[Data records]
- Opening Delimiter -

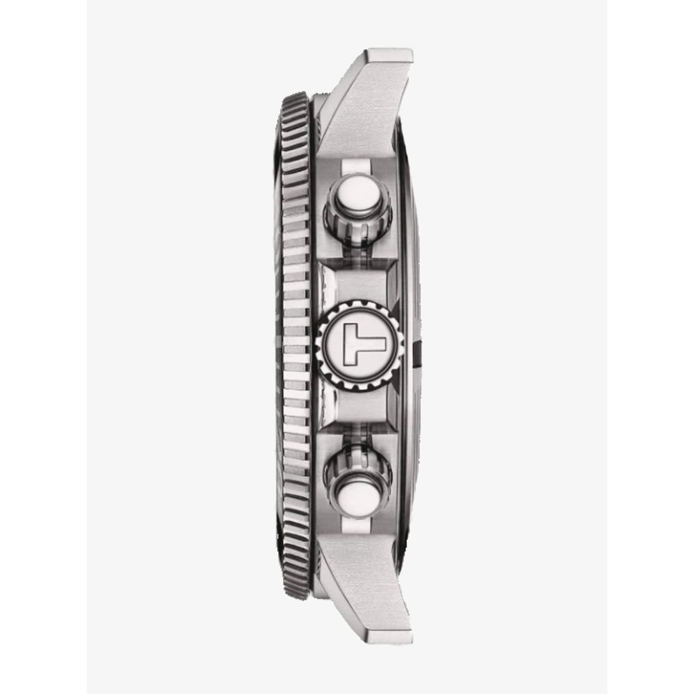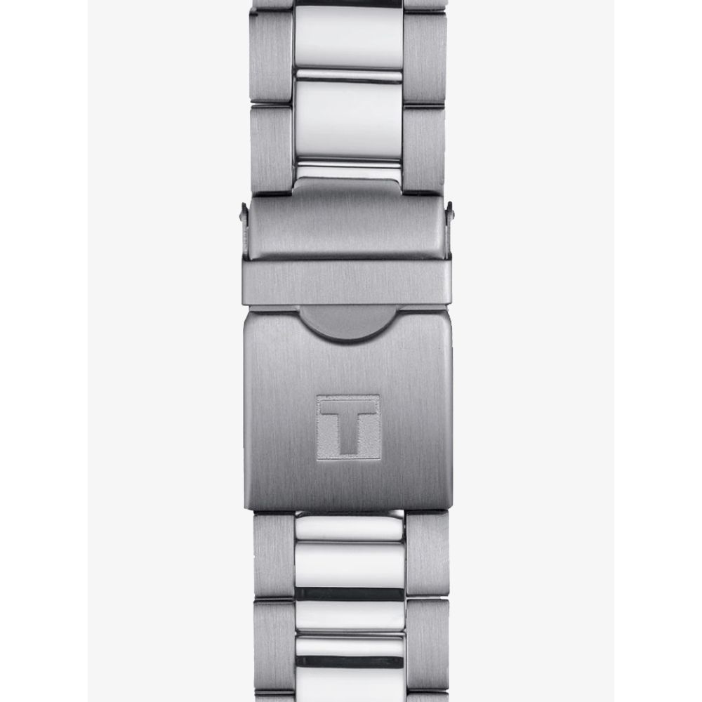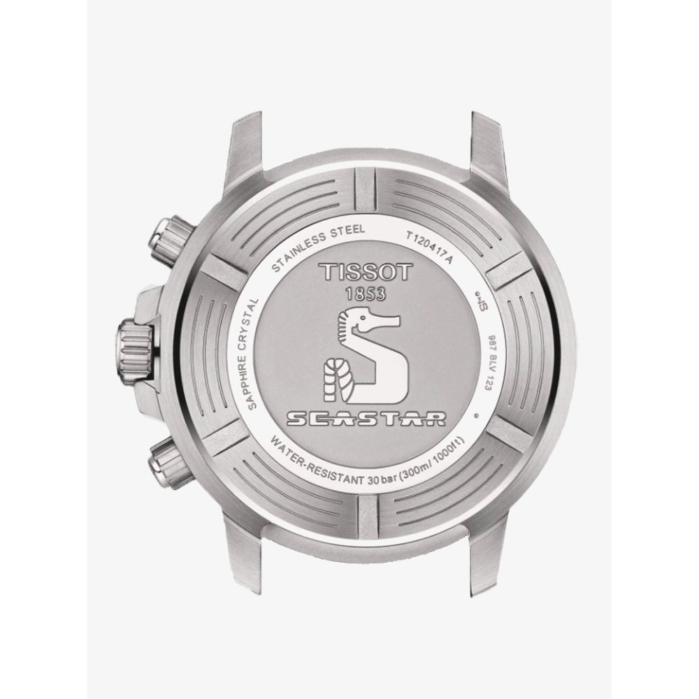 The Tissot T120.417.11.091.01 Seastar watch from the T-Sport collection combines a 45.5mm round shaped stainless steel case and silver stainless steel bracelet with a fold over clasp fitted with safety and a diver extension. It has a green gradient analogue dial which is protected beneath sapphire crystal glass with an anti-reflective coating. Power is generated by a 13 1/4" Swiss quartz EOL movement with a Renata 394 battery. This model also has a water resistance of up to 300 metres.
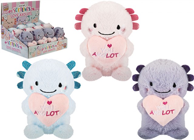 Delight customers with the Oh So Soft Softlings Love You More Axolotl Plush! Featuring 3 assorted designs, each cuddly axolotl holds a love heart, making it perfect for Valentine's Day gifts, retail displays, and impulse buys. Soft, charming, and collectible, these wholesale plush toys drive sales and customer appeal.
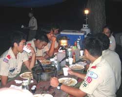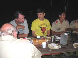 | Day 12 - Continued - Rocky Mount, NC The main purpose of this stop is to reminisce with Charlie an alumni of Troop 17 from the 60's - 70's. He is working with Troop 5 of Rocky Mount, NC. He brought Tony the scoutmaster of Troop 5 along with him. Good stories, good meal, a preliminary proposal for three Troops to meet in Washington DC next spring. (Elmhurst, NY; Rocky Mount, NC; and California) all individually celebrating a distinct milestone anniversary for their respective Troops. Oh yeah! words of wisdom |
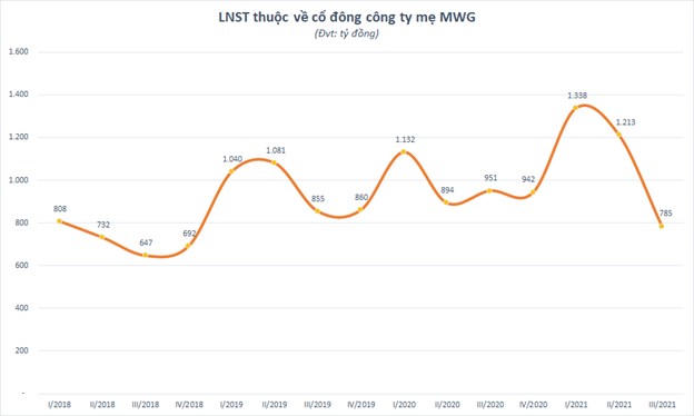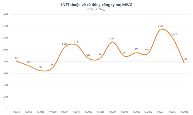 Trước đó, doanh thu thuần quý III của MWG giảm 5,4% xuống 24.333 tỷ đồng, lợi nhuận sau thuế thuộc về cổ đông công ty mẹ cũng giảm 17% xuống 785 tỷ đồng, thấp nhất từ quý I/2019.
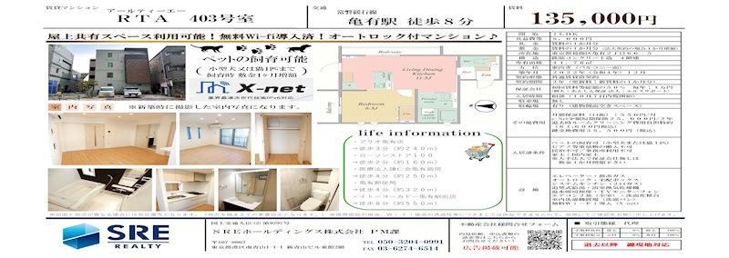 常磐線『亀有駅』徒歩8分 「RTA」の物件ページです。

- Closing Delimiter -

What to work on:
Print once more, exactly, the lines from the one with "Trước đó, doanh" through the last line of the data, both ends included, without any pictures.

Task answer:
 Trước đó, doanh thu thuần quý III của MWG giảm 5,4% xuống 24.333 tỷ đồng, lợi nhuận sau thuế thuộc về cổ đông công ty mẹ cũng giảm 17% xuống 785 tỷ đồng, thấp nhất từ quý I/2019.
 常磐線『亀有駅』徒歩8分 「RTA」の物件ページです。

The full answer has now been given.